Johnson, 39, grew up in Marion, Alabama. She is the oldest of three children, and both of her parents are educators. She attended schools where they taught and was with them nonstop from elementary to high school.
“From there, they had me involved in a lot of activities every summer, when I got of age. I couldn’t stay around town because it was very small, so I ended up in a lot of different summer programs,” she said, which meant softball, marching and concert bands, alto saxophone and piano at church.
Johnson’s mother, Cathy, taught health. Her father, Anthony, taught physical education and is also pastor at First Baptist Church of Uniontown, in Uniontown, Alabama, right outside of Marion—and her father’s ministry inspired her love for medicine.
“My dad had to visit the sick and shut-in people from church, and I would go with him and ask a lot of questions: ‘What is this? What’s that? What’s wrong with you?’ I learned a lot about sickness and illness from going on those visits with him,” she said. “I learned that medicine is a ministry more than we know.”
After graduating third in her class from Frances Marion High School, she almost attended the University of Alabama—until she visited Spelman College in Atlanta, Georgia, which felt like home: “I thought [Spelman] was teaching these girls how to be women, how to be brave and strong,” she said. “I thought, ‘This is where I need to be.’”
Johnson’s experience at the renowned Historically Black College and University (HBCU) was one of a kind.
“Whatever you wanted to learn about, it was there,” she said. “I participated in the Health Careers Club because that was going to get me to my goal, and my parents said they were paying for four years—not a day over.
“I was really academically focused, … [and] I joined the gospel choir. … There was a lot of camaraderie at Spelman, with us being sisters.
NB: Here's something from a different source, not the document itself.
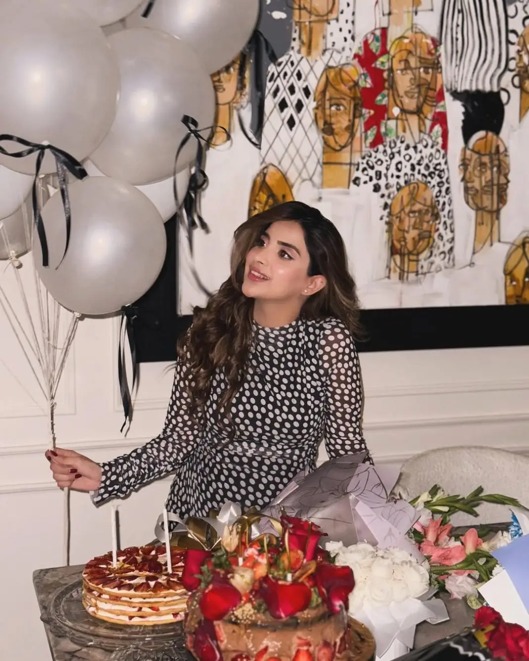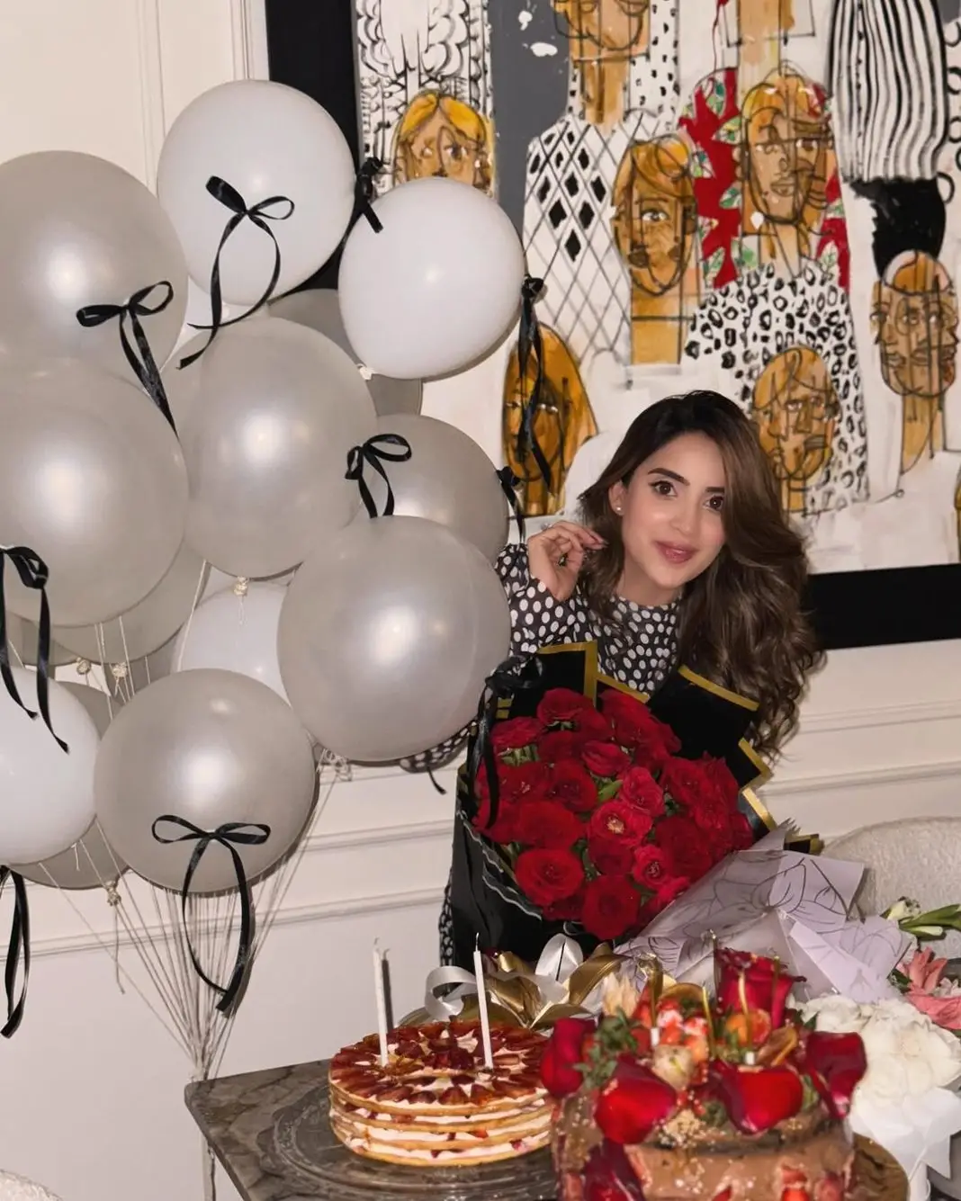 On Saboor Aly’s birthday, her husband, Ali Ansari, surprised her with a cake, red roses, and balloons. She looked stunning in a stylish dress with flawless hair and makeup. Saboor shared their special moments with the world. Check it out:

We had a sisterhood, we looked out for each other, and [we] did everything with the guys from [nearby] Morehouse [College].”
Once in medical school, Johnson chose family medicine as her specialty.
“I picked family medicine because I did a rotation in Marion, Alabama, at the [Vaughan Marion Rural Clinic] early in my fourth year of medical school, and the elderly people there were just everything,” she said. “They brought us jelly, fresh fruit, things out of their gardens. I thought I wanted to be a pediatrician my whole life until I did that rotation.”
Johnson completed her residency in 2012 in Birmingham at St. Vincent’s East Hospital, where she operated her practice for seven years before moving to Trussville in 2019.
With the COVID-19 pandemic, Johnson said she has had to really pivot. Her practice was closed for two weeks in March, and her staff of three transitioned into telehealth visits, conducted via video and phone.
“We were met with a lot of challenges trying to get patients to be able to be seen in the safety of their homes,” Johnson said. “A lot of practices like my own were affected because we still had people to care for but couldn’t be reimbursed for it because insurance didn’t deem these as appropriate visits, so insurance companies had to get creative.”
Prior to the health crisis, Johnson saw 50 to 60 people in a week, but she now sees about 25 to 30 people a week; her patients have the option to continue video visits or to visit in person.
Despite these challenges, she won’t let anything slow her work with the next generation and aspiring nurses through her nonprofit.
“A part of the mission of Three Twenty is to provide girls interested in medicine and business mentors in their fields, giving girls in our community access to people who can answer their questions, help guide them, and bridge that gap for them.”